◆ **ABOUT THIS TASK**
Restate exactly the lines below, from the one containing "round wound strings." through the final line, and leave out the pictures.

◆ **DATA PROVIDED**
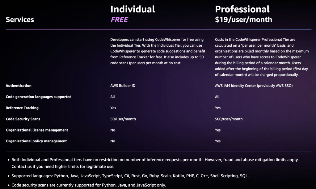 As an individual user, you get unlimited number for code suggestions and 50 code security scan each month. Comparing to GitHub Copilot $10/month for individual, this is free lunch!
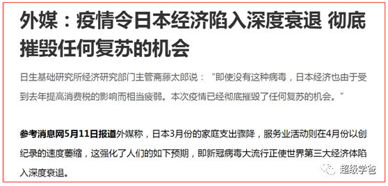 比如日本,第一季度负增长,第二季度可能更惨。加上2019年四季度也是负增长,日本经济年度衰退可能达到10~20%。
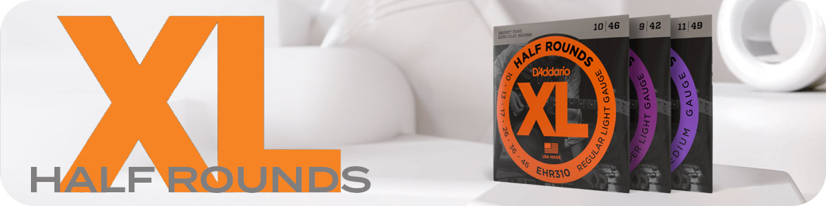 Coined the “third type of string,” XL Half Rounds are an innovative combination of round wound and flat wound strings. Half Rounds electric guitar strings have a smoother feel than round wound strings, but a fuller tone than strings which are flat wound. Made with a high carbon steel core and stainless steel wrap wire, they’re finished with a precision grinding process to provide a smooth feel and reduced finger noise, with tone that's comparable to round wound strings.
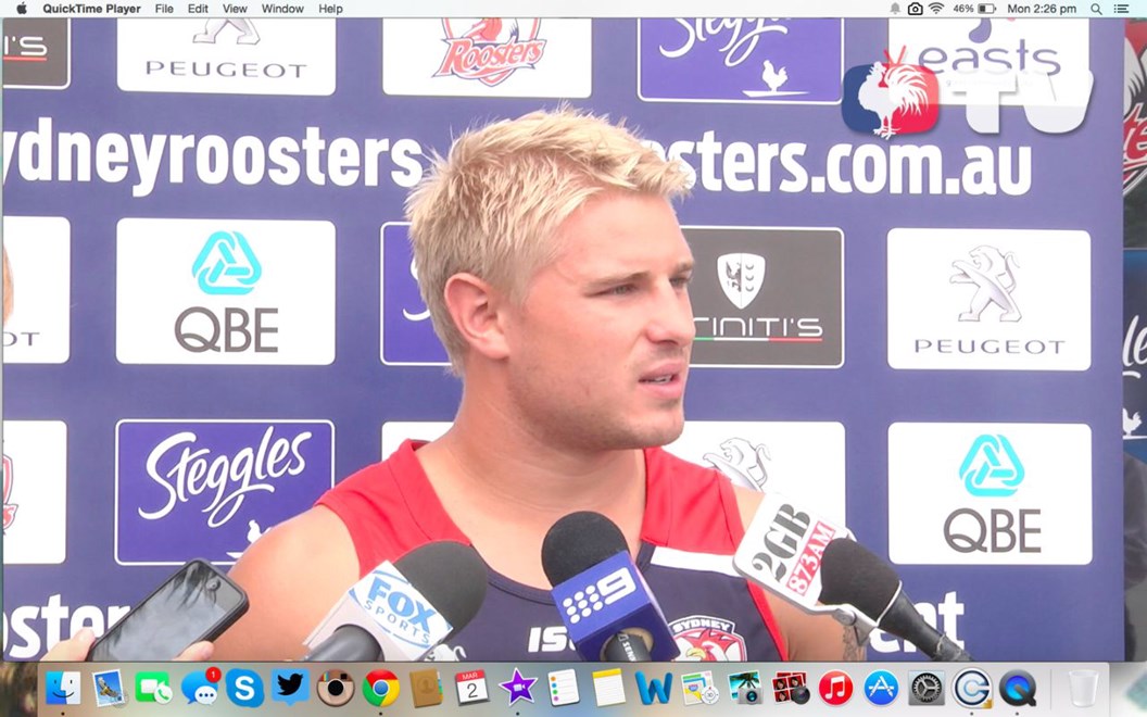 Matt McIlwrick faces the cameras outside Roosters HQ at the Club's first media opportunity of the 2015 NRL Season in his first appearance in the Tricolours ahead of our season opener against the North Queensland Cowboys in Townsville on Saturday night.
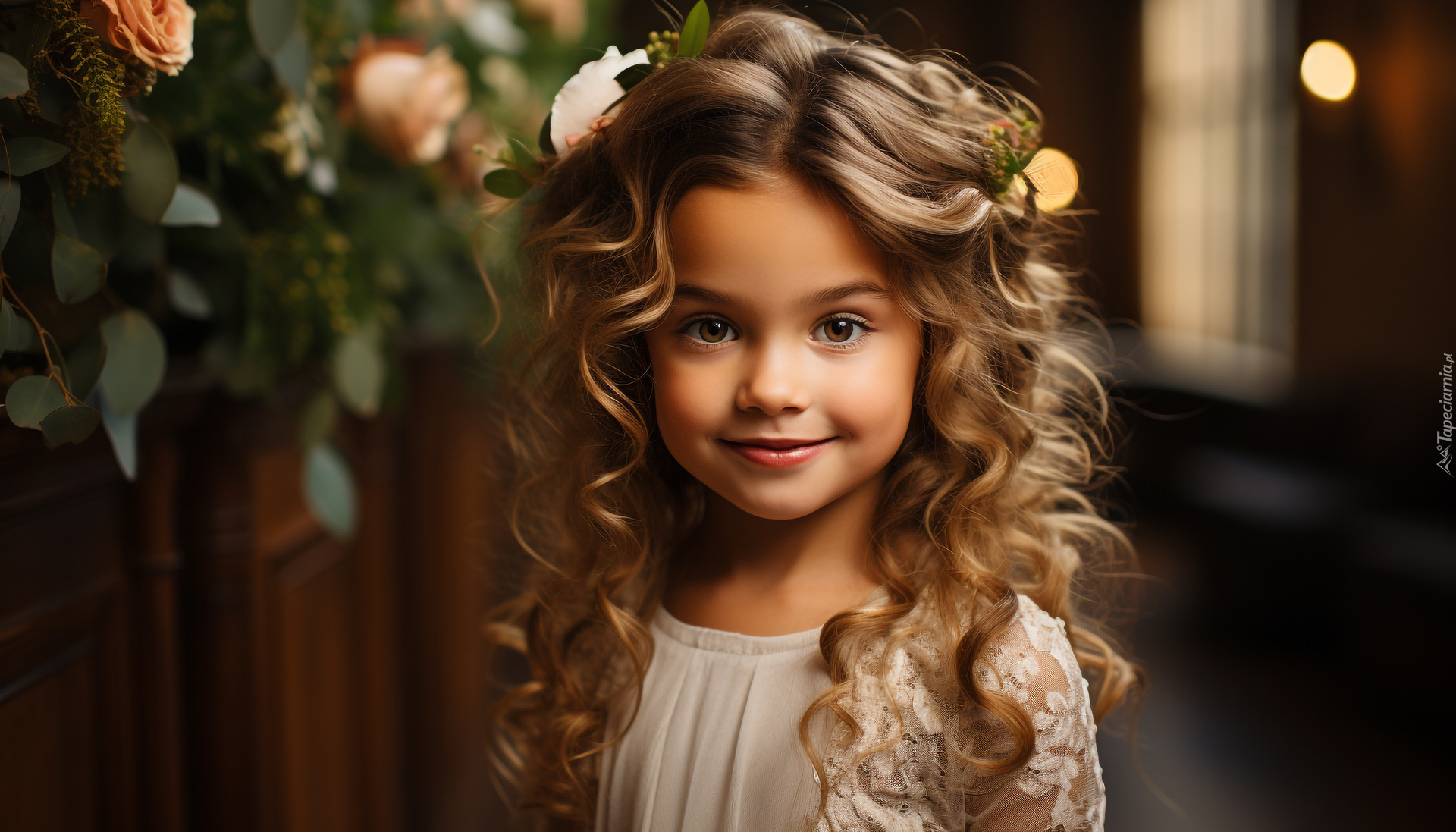 Edytor tapety: Twarz dziewczynki z długimi kręconymi włosami
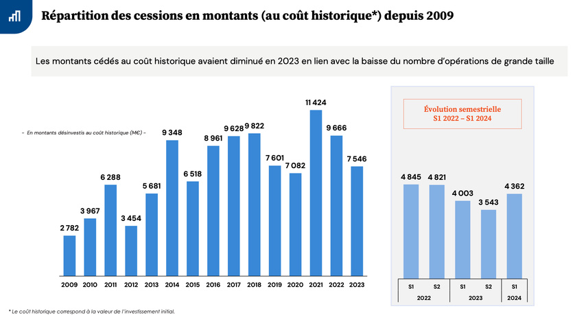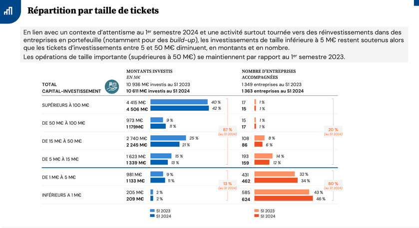 Enfin, les opérations nécessitant des injections de fonds propres supérieures à 50 M€ se sont stabilisées par rapport au 1er semestre 2023, après le ralentissement de 2022 lié aux conditions de financement.
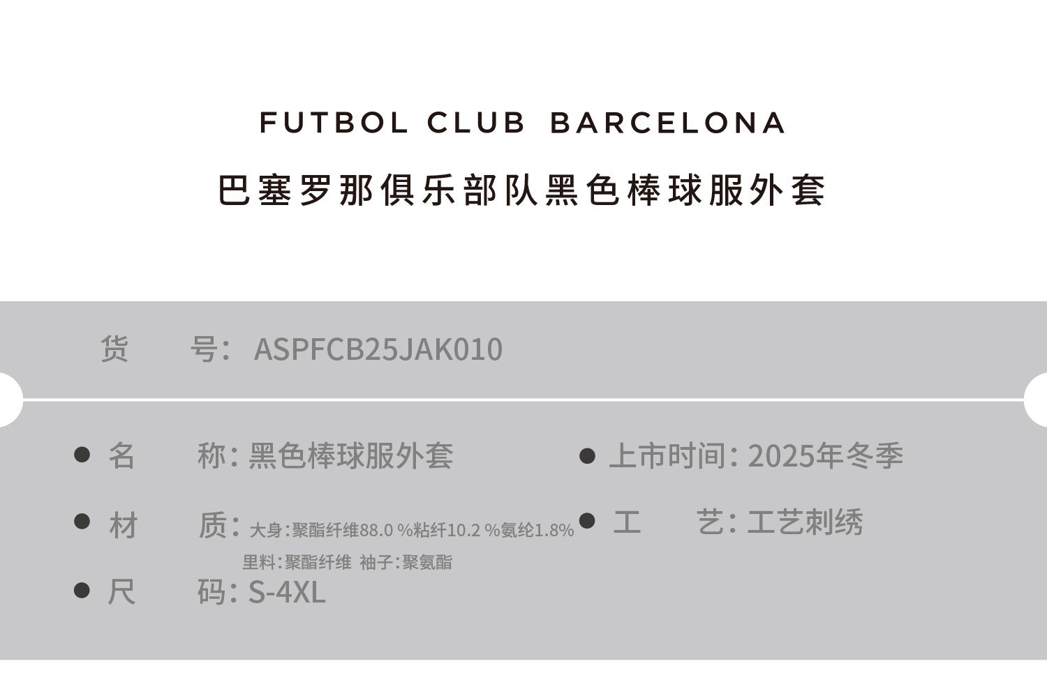 【官方正版】巴塞罗那俱乐部|巴萨黑色棒球服黑白外套百搭

◆ **SOLUTION**
 Coined the “third type of string,” XL Half Rounds are an innovative combination of round wound and flat wound strings. Half Rounds electric guitar strings have a smoother feel than round wound strings, but a fuller tone than strings which are flat wound. Made with a high carbon steel core and stainless steel wrap wire, they’re finished with a precision grinding process to provide a smooth feel and reduced finger noise, with tone that's comparable to round wound strings.
 Matt McIlwrick faces the cameras outside Roosters HQ at the Club's first media opportunity of the 2015 NRL Season in his first appearance in the Tricolours ahead of our season opener against the North Queensland Cowboys in Townsville on Saturday night.
 Edytor tapety: Twarz dziewczynki z długimi kręconymi włosami
 Enfin, les opérations nécessitant des injections de fonds propres supérieures à 50 M€ se sont stabilisées par rapport au 1er semestre 2023, après le ralentissement de 2022 lié aux conditions de financement.
 【官方正版】巴塞罗那俱乐部|巴萨黑色棒球服黑白外套百搭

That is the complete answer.